Recent world events have left many parents serving as both parents and teachers. If you felt your frustration level rising, you may have acted in ways that made both you and your child unhappy. Building better parenting skills often take a mentor or a coach to boost your communication and empathy. If improving your skills improved your results, you may be ready to coach someone else.
Why Become A Parenting Coach?
Many of the people who choose to become a parenting coaches do so because their childhoods were challenging. They may have grown up in a home that felt chaotic or unsafe. They may have been verbally or physically abused. When their own children were born, their goal was to do things differently.
However, having a positive goal of being a good parent will take more skills than just being better at parenting than your parents were. A negative example is a good start. Doing everything you can to keep your child happy all the time will not serve your child long-term. Sometimes, being a good parent means setting boundaries for your child, which can upset them.
What A Parenting Coach Does
A parenting coach helps their client by helping them to accept their feelings. On the surface, this sounds fairly simple. A parent may see their child acting out in anger and understand that the child is upset and overwhelmed. If your inner reaction is also to become angry, you will increase the confusion, frustration, and upset for all concerned.
Avoiding a judgmental mindset of condemning some emotions as undesirable is a critical first step. An emotion is just an emotion; resisting or reacting to it can be positive or negative.
Many children (and adults) experience displaced emotions. They get in trouble at work or school and yell at a playmate or spouse. These bad behaviors are symptoms of how difficult emotions show up in our lives. Understanding and accepting that base emotion that is churning up bad behaviors and putting a name to tough feelings will help your child to accept, process, and deal with the feelings so a healthier choice can be made.
How You Become A Parenting Coach
You do not need a degree to become a parenting coach.
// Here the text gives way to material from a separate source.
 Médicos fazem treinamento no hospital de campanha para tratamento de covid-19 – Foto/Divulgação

You can boost your ability to manage the communication and empathy needed by studying
- psychology
- counseling
- early childhood education
If you have personal knowledge of some of the tougher aspects of childhood, such as ADHD or other processing challenges, you may choose to target your training and coaching in that direction.
It is important to note that many processing challenges such as ADHD and hyperactive or impulsive behaviors are tied to genetics. If your childhood or schooling history was especially challenging because you struggled to function in a classroom setting, your empathy as a coach could be invaluable to families struggling to help a child who finds a traditional school setting too restrictive.
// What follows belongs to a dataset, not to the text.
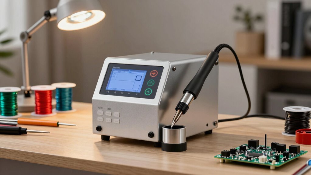 Ever wondered how to guarantee your solder joints stay consistent and your delicate components stay safe? Precise temperature control is key. It ensures you get reliable, strong joints without risking damage. Modern stations use PID technology, which keeps the temperature stable by reducing fluctuations during soldering. Adjustable temperature settings with fine increments let you tailor heat levels for different tasks, from delicate rework to heavy-duty soldering. Digital displays give real-time feedback, so you can monitor and make adjustments easily. High-precision stations often include calibration options, maintaining accuracy over time and across environments. This level of control means better results, fewer reworks, and greater confidence in your work. When choosing a station, prioritize those with advanced temperature management features for the best soldering experience.

You can pair your studies in psychology with the life lessons you’ve learned and make yourself an invaluable coach for families struggling through these tough situations. You can also help adults in the household deal with their difficult memories tied to their own childhood trauma.
Turning Parenting Coaching Into A Career
As a parenting coach, you may find that you’re most effective in working inside the home. You may visit the home to observe the interaction between parents and children and between the siblings if there is more than one child in the household. As an in-home coach, you may well need to work evenings and weekends or put in a lot of summer hours to effectively provide observation and feedback.
You may also coach online. These sessions can offer both parents in the household the chance to have some one-on-one coaching time so they can both process their reactions to tough parenting events.
Finally, you may work as an observer in your own office. It’s important to remember that your goals as a coach will be different than those of a therapist. You may be working with a parent who struggles to avoid anger when their child is overwhelmed. That parent may want to seek therapy to attend to any difficult events from their own childhood, but your job as a coach is to help them work through the here and now to support a child before the meltdown hits.